*** Opening SUPPLIED RECORDS ***

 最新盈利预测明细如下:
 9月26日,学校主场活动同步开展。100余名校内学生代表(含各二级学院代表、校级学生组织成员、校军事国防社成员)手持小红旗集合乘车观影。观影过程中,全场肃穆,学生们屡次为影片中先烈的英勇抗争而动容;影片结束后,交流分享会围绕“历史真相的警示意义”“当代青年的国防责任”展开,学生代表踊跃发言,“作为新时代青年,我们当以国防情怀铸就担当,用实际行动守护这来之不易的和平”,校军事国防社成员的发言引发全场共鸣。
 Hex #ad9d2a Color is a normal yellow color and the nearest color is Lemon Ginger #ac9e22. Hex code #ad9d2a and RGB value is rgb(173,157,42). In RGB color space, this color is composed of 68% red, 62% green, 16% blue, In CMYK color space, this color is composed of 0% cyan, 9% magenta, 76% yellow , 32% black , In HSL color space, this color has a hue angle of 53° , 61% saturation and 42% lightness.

*** Closing SUPPLIED RECORDS ***
*** Opening SUPPLIED RECORDS ***

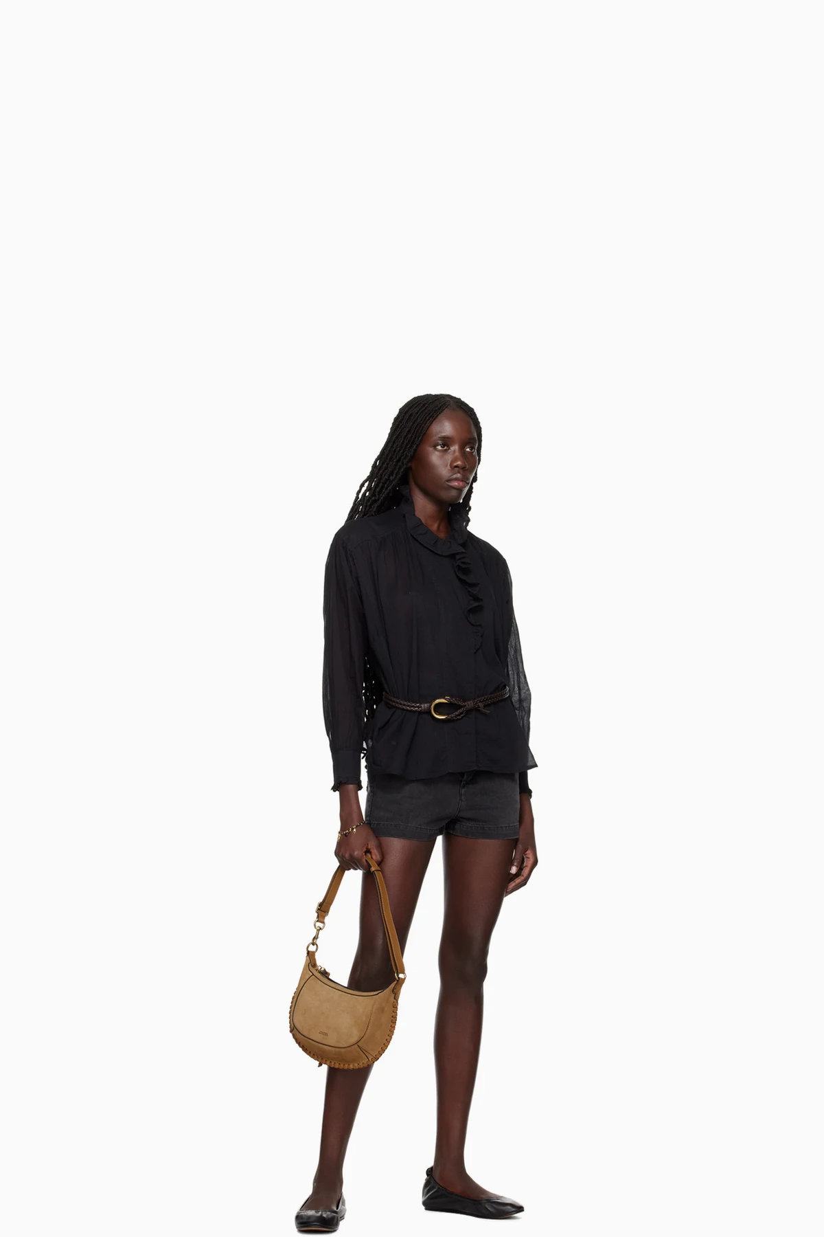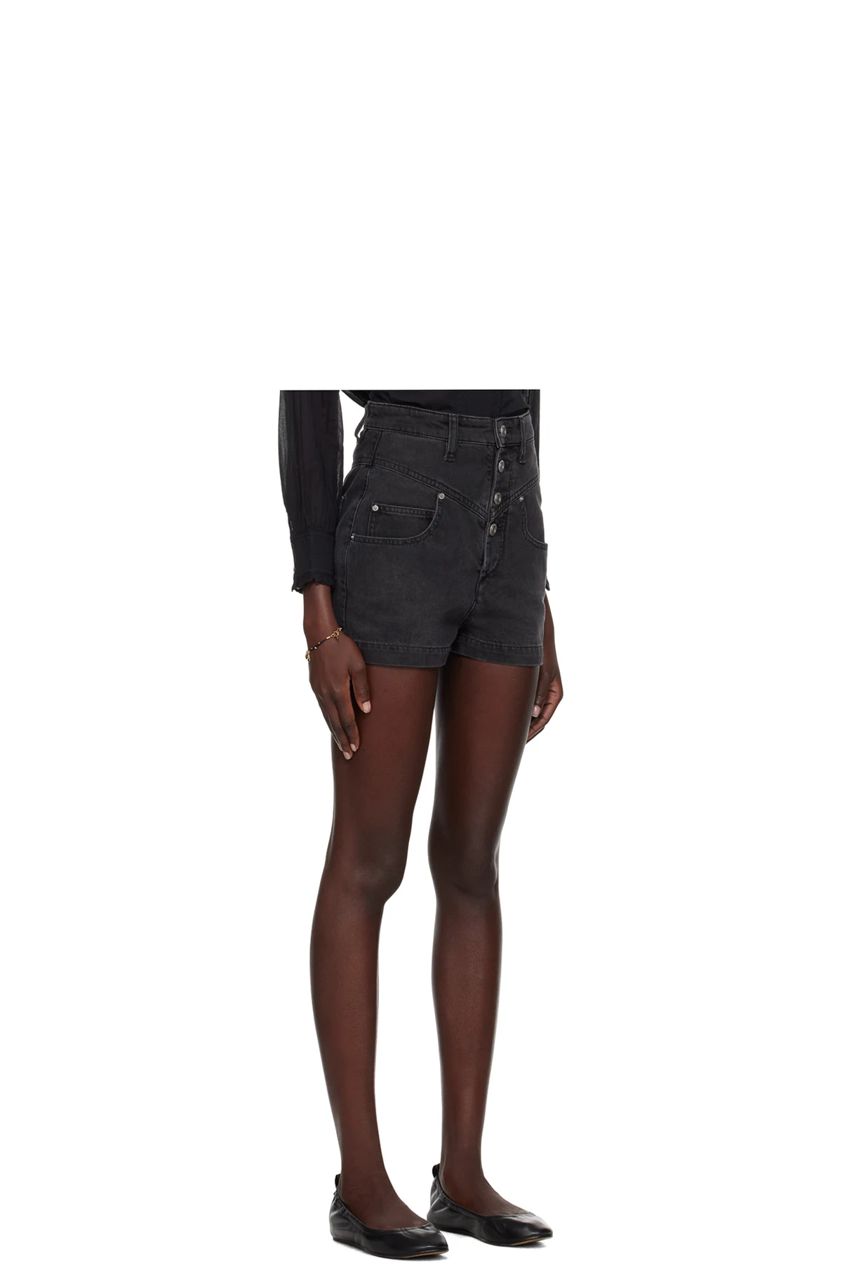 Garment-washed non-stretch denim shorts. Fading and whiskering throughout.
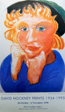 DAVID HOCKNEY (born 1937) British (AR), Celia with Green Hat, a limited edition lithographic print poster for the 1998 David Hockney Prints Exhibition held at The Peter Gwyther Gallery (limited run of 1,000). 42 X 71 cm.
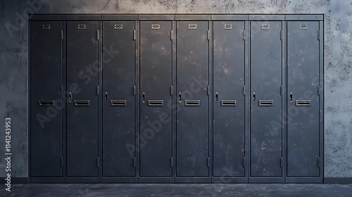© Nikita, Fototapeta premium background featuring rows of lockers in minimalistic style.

*** Closing SUPPLIED RECORDS ***

__WHAT IS EXPECTED__.
Looking at the entries above, can you reproduce exactly the lines from the one that holds "9月26日,学校主场活动同步" through the one that holds "Hex #ad9d2a Color", and only those?

__TASK SOLUTION__.
 9月26日,学校主场活动同步开展。100余名校内学生代表(含各二级学院代表、校级学生组织成员、校军事国防社成员)手持小红旗集合乘车观影。观影过程中,全场肃穆,学生们屡次为影片中先烈的英勇抗争而动容;影片结束后,交流分享会围绕“历史真相的警示意义”“当代青年的国防责任”展开,学生代表踊跃发言,“作为新时代青年,我们当以国防情怀铸就担当,用实际行动守护这来之不易的和平”,校军事国防社成员的发言引发全场共鸣。
 Hex #ad9d2a Color is a normal yellow color and the nearest color is Lemon Ginger #ac9e22. Hex code #ad9d2a and RGB value is rgb(173,157,42). In RGB color space, this color is composed of 68% red, 62% green, 16% blue, In CMYK color space, this color is composed of 0% cyan, 9% magenta, 76% yellow , 32% black , In HSL color space, this color has a hue angle of 53° , 61% saturation and 42% lightness.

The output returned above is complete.